## BERT-based classification

In [None]:
%pip install torch
%pip install accelerate --upgrade

In [None]:
import torch
print('Cuda Avaliable: ', torch.cuda.is_available())

In [None]:
%pip install datasets transformers evaluate huggingface_hub

In [None]:
import csv
import collections
import numpy as np
import random

import evaluate

from datasets import Dataset
from transformers import TrainingArguments, Trainer

In [None]:
classes=('ham', 'spam')

dataset = []

with open("../examples/SMSSpamCollection.txt", encoding="utf-8") as csvfile:
    reader = csv.DictReader(csvfile, delimiter="\t")
    for i, row in enumerate(reader):
        if row["class"] == classes[1]:
            dataset.append({'text': row["text"], 'label':1})
        else:
            dataset.append({'text': row["text"], 'label':0})

random.shuffle(dataset)
train = Dataset.from_list(dataset[:int(len(dataset)*.8)])
test  = Dataset.from_list(dataset[int(len(dataset)*.8):])

In [None]:
from transformers import AutoTokenizer
tokenizer = AutoTokenizer.from_pretrained("distilbert-base-uncased")

In [None]:
def preprocess_function(examples):
   return tokenizer(examples["text"], truncation=True)

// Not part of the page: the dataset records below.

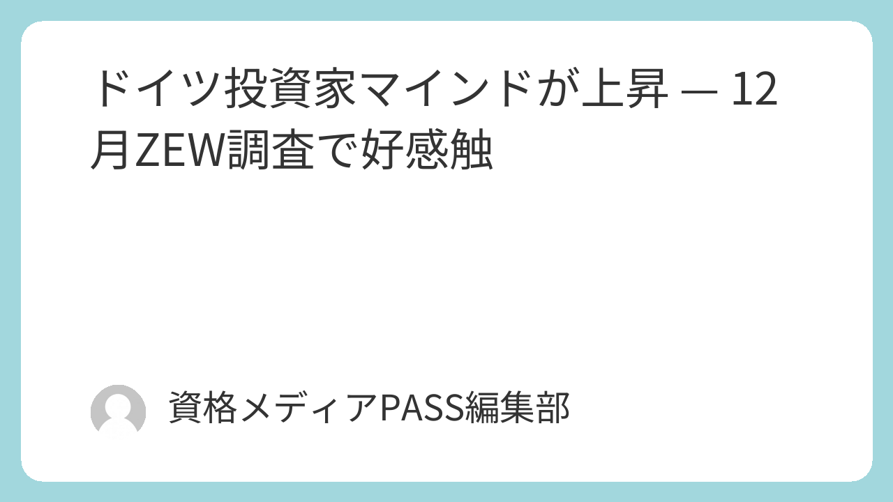 ドイツ投資家マインドが上昇 — 12月ZEW調査で好感触
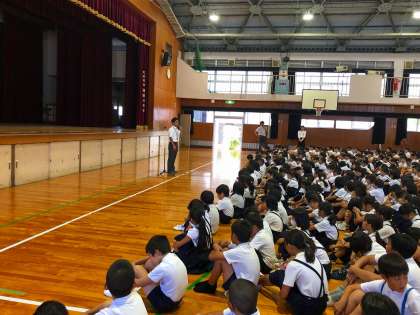8月26日(月)、本日は2学期の始まりで始業式が行われました。始業式では、学校長から夏休みを振り返るとともに、2学期に行われる多く行事、しっかりがんばることが大切であると話がありました。生活指導の先生からも、日々の生活を規則正しいものに戻していくことなどの話がありました。そして、最後に校歌をみんなで歌い教室に戻りました。
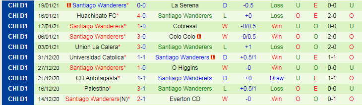 + Thống kê 10 trận gần nhất của Santiago Wanderers

tokenized_train = train.map(preprocess_function, batched=True)
tokenized_test = test.map(preprocess_function, batched=True)

In [None]:
from transformers import DataCollatorWithPadding
data_collator = DataCollatorWithPadding(tokenizer=tokenizer)

In [None]:
from transformers import AutoModelForSequenceClassification
model = AutoModelForSequenceClassification.from_pretrained("distilbert-base-uncased", num_labels=2)

In [None]:
import numpy as np

def compute_metrics(eval_pred):
   load_accuracy = evaluate.load("accuracy")
   load_f1 = evaluate.load("f1")

   logits, labels = eval_pred
   predictions = np.argmax(logits, axis=-1)
   accuracy = load_accuracy.compute(predictions=predictions, references=labels)["accuracy"]
   f1 = load_f1.compute(predictions=predictions, references=labels)["f1"]
   return {"accuracy": accuracy, "f1": f1}

In [None]:
repo_name = "my_awesome_model"

training_args = TrainingArguments(
   report_to="none",
   output_dir=repo_name,
   learning_rate=2e-5,
   per_device_train_batch_size=16,
   per_device_eval_batch_size=16,
   num_train_epochs=2,
   weight_decay=0.01,
   save_strategy="epoch",
   push_to_hub=False,
   )

trainer = Trainer(
   model=model,
   args=training_args,
   train_dataset=tokenized_train,
   eval_dataset=tokenized_test,
   tokenizer=tokenizer,
   data_collator=data_collator,
   compute_metrics=compute_metrics,
)

In [None]:
trainer.train()

In [None]:
trainer.evaluate()